Foto: Edilene Coffaci de Lima, 1998

Katukina Pano

  • Outros nomes
  • Onde estão Quantos são

    AC594 (Funasa, 2010)
  • Família linguística
    Pano

Nomes pessoais


Os Katukina usam dois tipos de nome: em sua própria língua e em português. A atribuição de um nome do segundo tipo não segue nenhum padrão preestabelecido e qualquer pessoa pode sugerir um nome em português para uma criança recém-nascida, que será bem recebido principalmente se for inédito na aldeia. Ao primeiro nome acrescentam, respectivamente, os sobrenomes da mãe e do pai.

Se na escolha dos nomes em português um dos principais critérios é o ineditismo, ocorre o contrário quando se trata dos nomes em katukina: os nomes se repetem, uma vez que provêm todos de um acervo comum que os katukina se esforçam em preservar. Em termos práticos, isso quer dizer que os pais escolhem para seus filhos os nomes de seus próprios parentes.
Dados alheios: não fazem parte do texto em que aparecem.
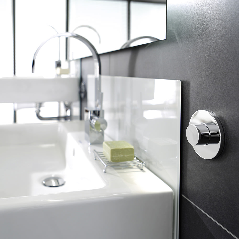 - mit Druckknopf mit Rosette zur individuellen Höheneinstellung der Waschtisch-Keramik

Os pais são quem nomeia seus filhos, do sexo masculino e feminino, algumas vezes consultando antes pessoas mais velhas. A atribuição de um nome pessoal é algo simples e nenhuma cerimônia ou ritual é realizado: uma vez escolhido, basta os pais começarem a usá-lo. O nome recebido na infância é definitivo.

A prática onomástica katukina é bastante variada e só não é permitido atribuir o próprio nome ao filho ou o nome de um filho morto. Dentre as alternativas existentes, a mais comum é os pais atribuírem a seus filhos o nome de seus próprios pais, isto é, se é uma menina os pais escolhem o nome da avó materna ou paterna, se é um menino escolhem o nome do avô paterno ou materno. A transmissão dos nomes através de gerações alternadas explicita o vínculo afetivo entre avós paternos e netos, que é bastante forte entre os katukina. Um outra alternativa, menos praticada, são os nomes dos tios maternos e paternos da criança. Deve-se observar, entretanto, que, nesse caso, os tios ou tias, sejam eles quais forem, já devem ter morrido e a escolha do nome é uma forma de colocá-lo novamente em circulação, permitindo assim que se preserve o acervo de nomes pessoais. Nesse caso, a reposição do nome assume um certo sentido de "homenagem", de demonstração de afeição ou estima pela pessoa que portava anteriormente o nome.

Embora os nomes sejam todos indeterminadamente repostos, não há qualquer idéia de reencarnação ou de que uma pessoa deva substituir a outra. A identidade entre homônimos encerra-se com o nome.